[INPUT]

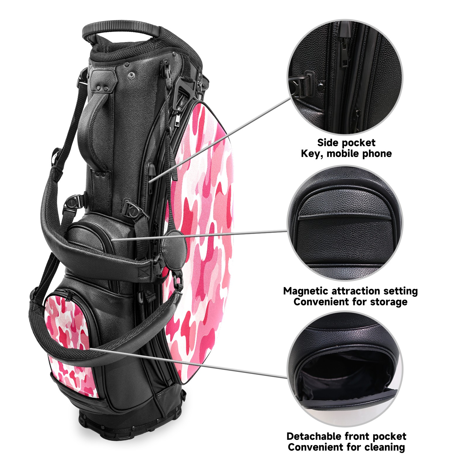 <p>This golf cart bag combines versatility with durability, providing comprehensive protection and convenient access for your clubs. The five-way top compartments provide strategic zoning for easily storing a variety of clubs and protecting them from impacts and wear. The PU fabric and sturdy plastic base combine premium quality with durability. The versatile storage system includes multiple zippered pockets and a separate cooler compartment for storing equipment, accessories, and drinks. The portable rear handle allows for easy transport. The ergonomic, padded shoulder straps are adjustable and removable to fit your shoulder and reduce weight. A built-in rain cover effectively keeps out moisture, ensuring your clubs stay dry and protected in wet weather. This is the ideal golf bag for your golfing adventure.<br></p>
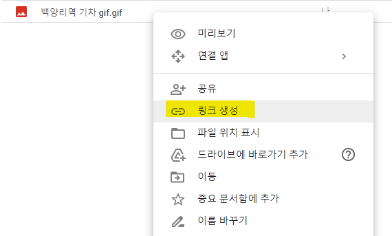 🔻 업로드한 파일로 마우스를 가져간 다음에 '링크 생성' 메뉴를 선택합니다.
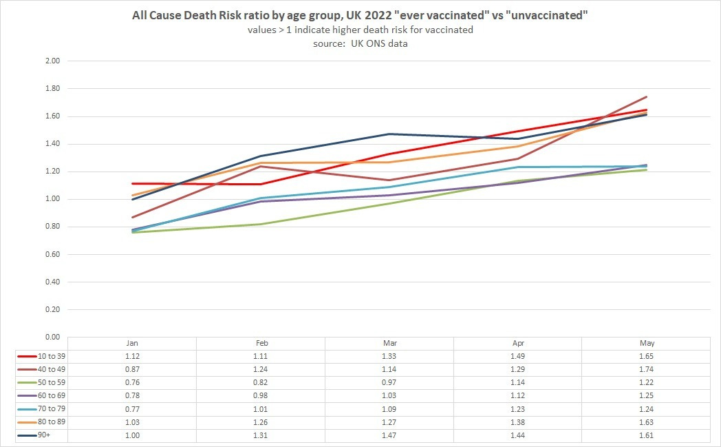 my goal is so doing is to show that even when accepting this slanted playing field and steel-manning the case for vaccine efficacy on all cause mortality, they still fail badly. whether vaccines ever worked in this regard could be debated, but if ever they did, they certainly do not appear to anymore and that trend looked to be worsening in may of 2022 when the ONS (yet again) terminated a data series where the problems with the jabs were getting too bad to hide.
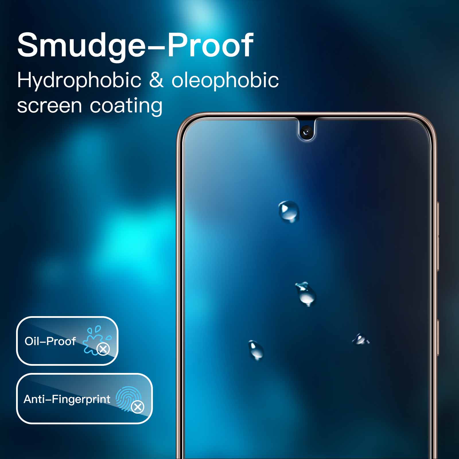 [Anti-Fingerprint] The hydrophobic and oleophobic coating effectively prevents the residue of fingerprints, oil and watermark from gathering on the screen
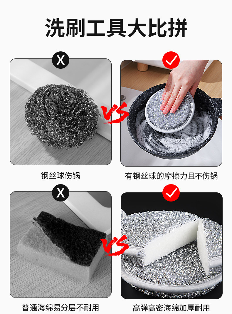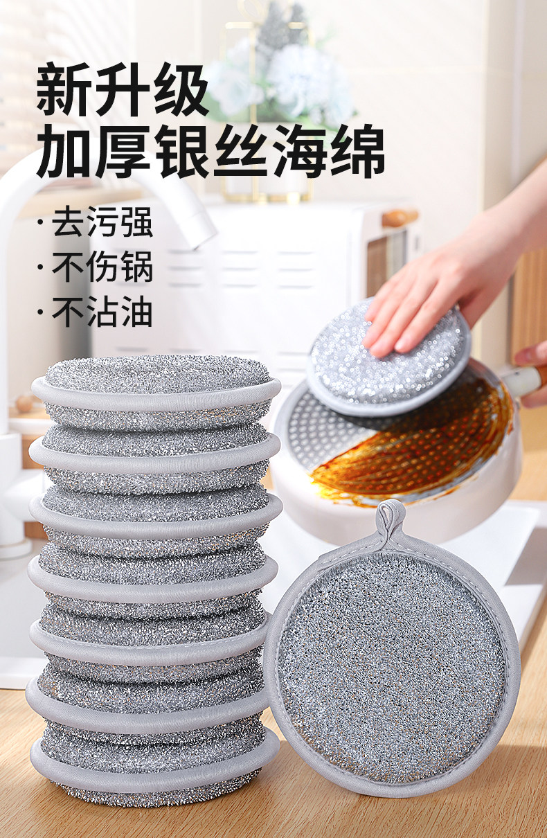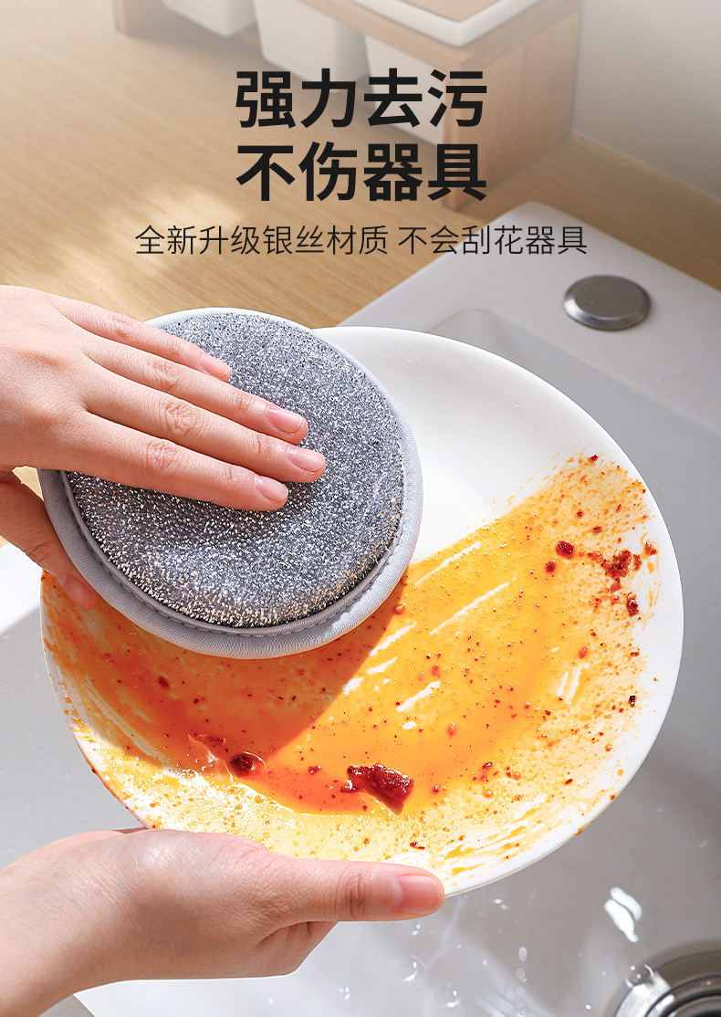 주방 세척 스틸울 스펀지 실버 스틸울 함유 설거지 내구성 좋은 기름때 제거 청소 스펀지
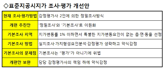이에 대해 감정평가업계는 국토부가 '예산 절감'을 내세워 감정원을 밀어주기 위한 일종의 편법을 동원하고 있다고 꼬집었다. 감정평가협회 관계자는 "명분도 없는 제도개선을 내세우면서 감정원을 살리기 위해 국가 토지정책의 근간을 흔들고 있다"며 "기본조사제도를 철회할 때까지 표준지공시지가 조사·평가 일정에 일체 참여하지 않기로 결의했다"고 말했다.
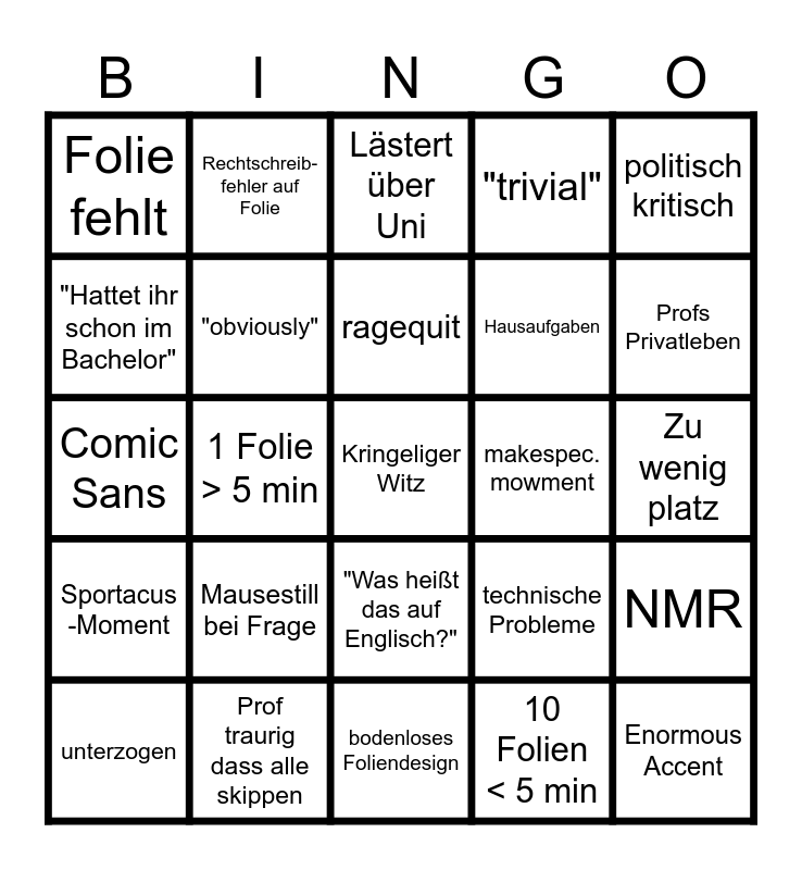 This bingo card has 50 words: jemand kommt zu spät, Kringeliger Witz, irgendwas auf Deutsch, bodenloses Foliendesign, Mausestill bei Frage, überzogen, Rechtschreib-fehler auf Folie, Prof verhaspelt sich enormst, "Hattet ihr schon im Bachelor", Folien falsche Reihenfolge, "obviously", "trivial", NMR, technische Probleme, unnötig lautes Geräusch aus Zuschauer-schaft, totes Tier, ragequit, makespec. mowment, jemand weint, politisch kritisch, 1 Folie > 5 min, 10 Folien < 5 min, Folie fehlt, Hausaufgaben, Meme, Enormous Accent, Profs Privatleben, NMR-bashing, Lästert über Uni, "Was heißt das auf Englisch?", "or in german: ...", Mobile Gamer, Studi beendet Profs sätze, Prof versteht Studi nicht, Prof traurig dass alle skippen, Nudes, Vom Prof geghosted, Arsch-Spaghetti, Frage falsch beantwortet, Zu wenig platz, Pop-Culture-Reference, "Any questions?", C. Elegans & Drosophila, AI, unterzogen, Comic Sans, Mikro geht aus, "basically", Sportacus -Moment and Heute morgen neues Paper gefunden.
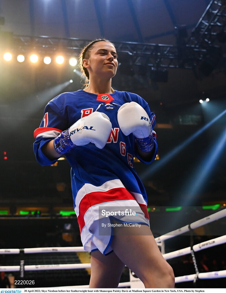 30 April 2022; Skye Nicolson before her featherweight bout with Shanecqua Paisley Davis at Madison Square Garden in New York, USA. Photo by Stephen McCarthy/Sportsfile
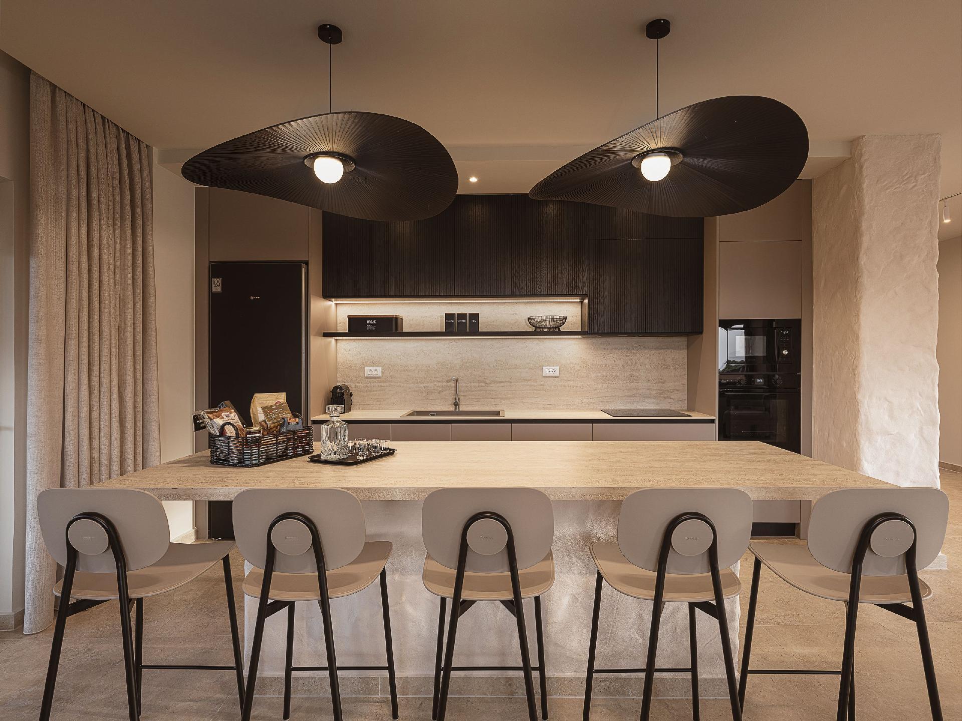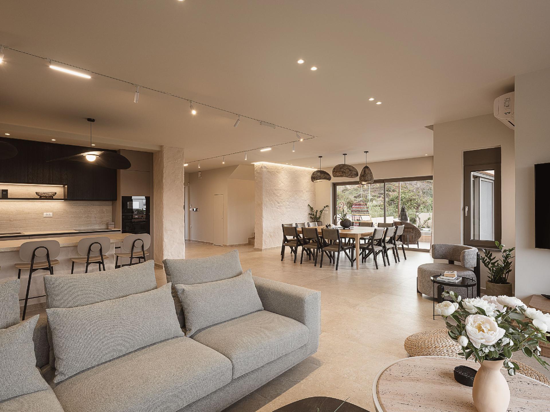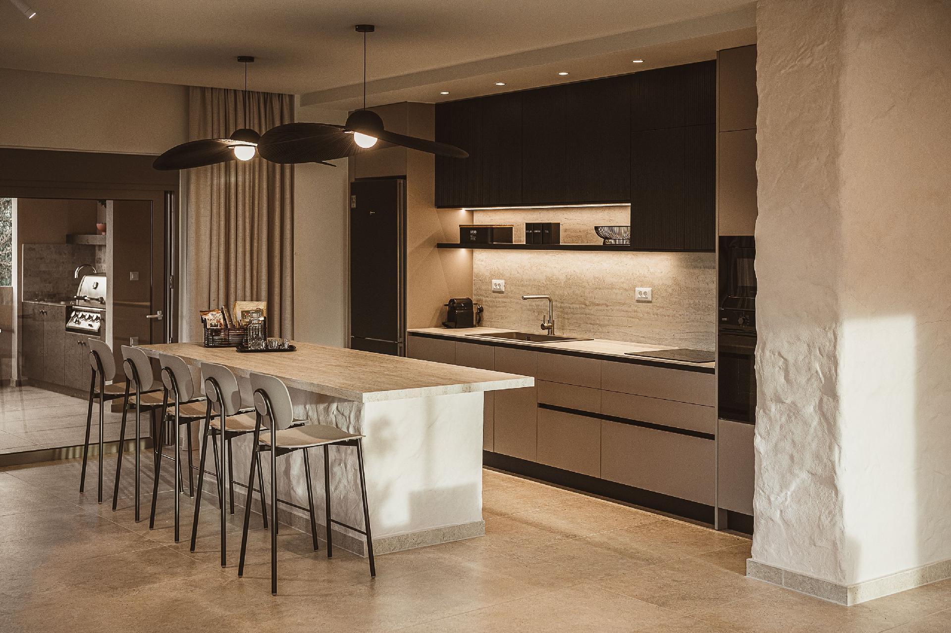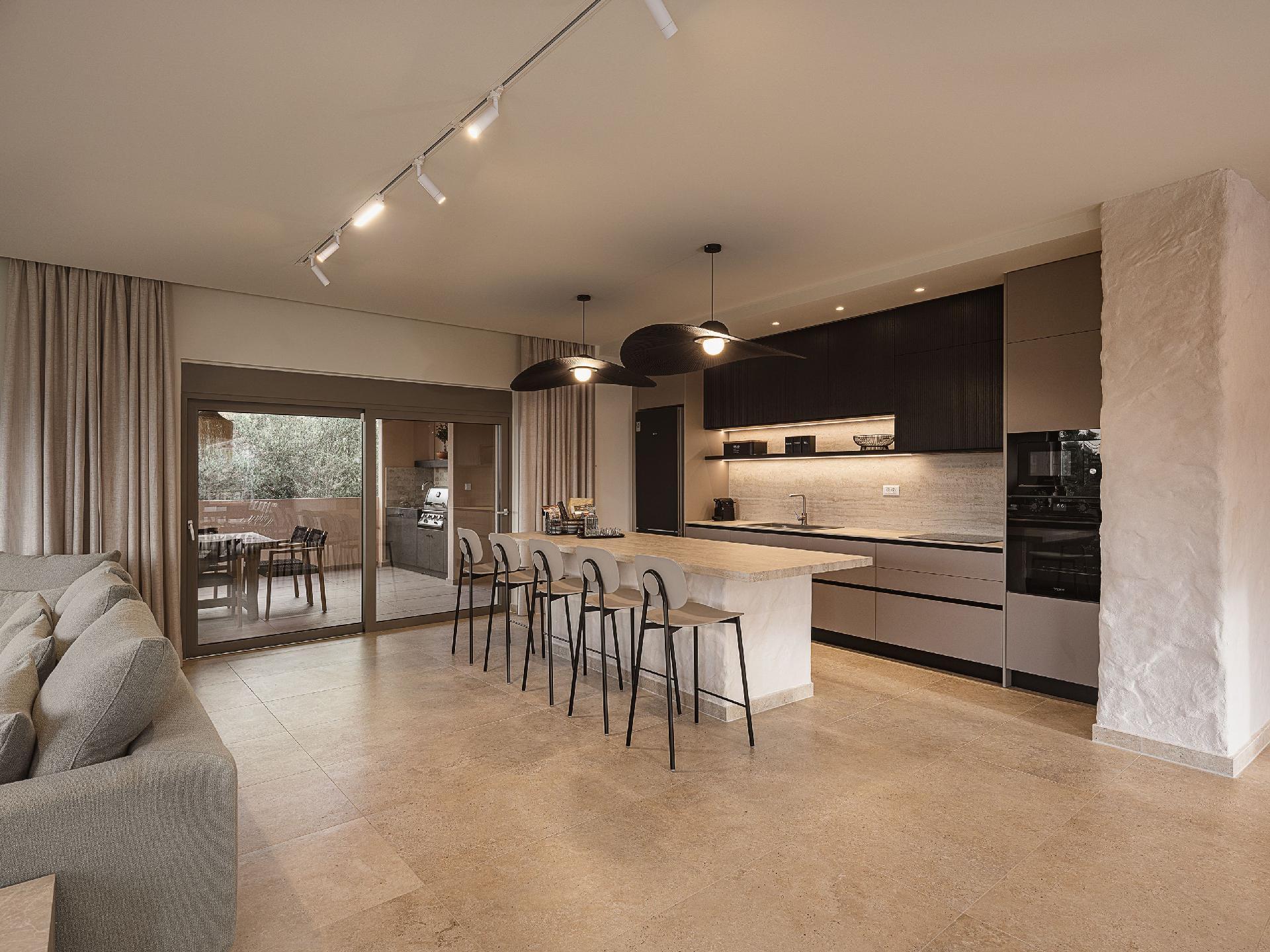 On the ground floor, you will find two bedrooms, one has an ensuite bathroom and views of the sea from the balcony, something that will attract your attention. The villa on the ground floor is completed with an open-air living space and a highly equipped kitchen that makes cooking meals worth trying. Sink into the comfy sofa and enjoy a cozy night while watching your favourite series, or gather around the dining area and raise a glass of wine while you get to enjoy a good-spirited dinner! The access to the exterior area and the pool is pretty easy from the dining area, with the large window doors making a seamless transition giving you the chance to enjoy the direct connection with nature.

[/INPUT]

REQUIRED ACTION
The answer must be the full listing, exact in every line, with the pictures removed.

OUTPUT BELOW
 <p>This golf cart bag combines versatility with durability, providing comprehensive protection and convenient access for your clubs. The five-way top compartments provide strategic zoning for easily storing a variety of clubs and protecting them from impacts and wear. The PU fabric and sturdy plastic base combine premium quality with durability. The versatile storage system includes multiple zippered pockets and a separate cooler compartment for storing equipment, accessories, and drinks. The portable rear handle allows for easy transport. The ergonomic, padded shoulder straps are adjustable and removable to fit your shoulder and reduce weight. A built-in rain cover effectively keeps out moisture, ensuring your clubs stay dry and protected in wet weather. This is the ideal golf bag for your golfing adventure.<br></p>
 🔻 업로드한 파일로 마우스를 가져간 다음에 '링크 생성' 메뉴를 선택합니다.
 my goal is so doing is to show that even when accepting this slanted playing field and steel-manning the case for vaccine efficacy on all cause mortality, they still fail badly. whether vaccines ever worked in this regard could be debated, but if ever they did, they certainly do not appear to anymore and that trend looked to be worsening in may of 2022 when the ONS (yet again) terminated a data series where the problems with the jabs were getting too bad to hide.
 [Anti-Fingerprint] The hydrophobic and oleophobic coating effectively prevents the residue of fingerprints, oil and watermark from gathering on the screen
 주방 세척 스틸울 스펀지 실버 스틸울 함유 설거지 내구성 좋은 기름때 제거 청소 스펀지
이에 대해 감정평가업계는 국토부가 '예산 절감'을 내세워 감정원을 밀어주기 위한 일종의 편법을 동원하고 있다고 꼬집었다. 감정평가협회 관계자는 "명분도 없는 제도개선을 내세우면서 감정원을 살리기 위해 국가 토지정책의 근간을 흔들고 있다"며 "기본조사제도를 철회할 때까지 표준지공시지가 조사·평가 일정에 일체 참여하지 않기로 결의했다"고 말했다.
 This bingo card has 50 words: jemand kommt zu spät, Kringeliger Witz, irgendwas auf Deutsch, bodenloses Foliendesign, Mausestill bei Frage, überzogen, Rechtschreib-fehler auf Folie, Prof verhaspelt sich enormst, "Hattet ihr schon im Bachelor", Folien falsche Reihenfolge, "obviously", "trivial", NMR, technische Probleme, unnötig lautes Geräusch aus Zuschauer-schaft, totes Tier, ragequit, makespec. mowment, jemand weint, politisch kritisch, 1 Folie > 5 min, 10 Folien < 5 min, Folie fehlt, Hausaufgaben, Meme, Enormous Accent, Profs Privatleben, NMR-bashing, Lästert über Uni, "Was heißt das auf Englisch?", "or in german: ...", Mobile Gamer, Studi beendet Profs sätze, Prof versteht Studi nicht, Prof traurig dass alle skippen, Nudes, Vom Prof geghosted, Arsch-Spaghetti, Frage falsch beantwortet, Zu wenig platz, Pop-Culture-Reference, "Any questions?", C. Elegans & Drosophila, AI, unterzogen, Comic Sans, Mikro geht aus, "basically", Sportacus -Moment and Heute morgen neues Paper gefunden.
 30 April 2022; Skye Nicolson before her featherweight bout with Shanecqua Paisley Davis at Madison Square Garden in New York, USA. Photo by Stephen McCarthy/Sportsfile
 On the ground floor, you will find two bedrooms, one has an ensuite bathroom and views of the sea from the balcony, something that will attract your attention. The villa on the ground floor is completed with an open-air living space and a highly equipped kitchen that makes cooking meals worth trying. Sink into the comfy sofa and enjoy a cozy night while watching your favourite series, or gather around the dining area and raise a glass of wine while you get to enjoy a good-spirited dinner! The access to the exterior area and the pool is pretty easy from the dining area, with the large window doors making a seamless transition giving you the chance to enjoy the direct connection with nature.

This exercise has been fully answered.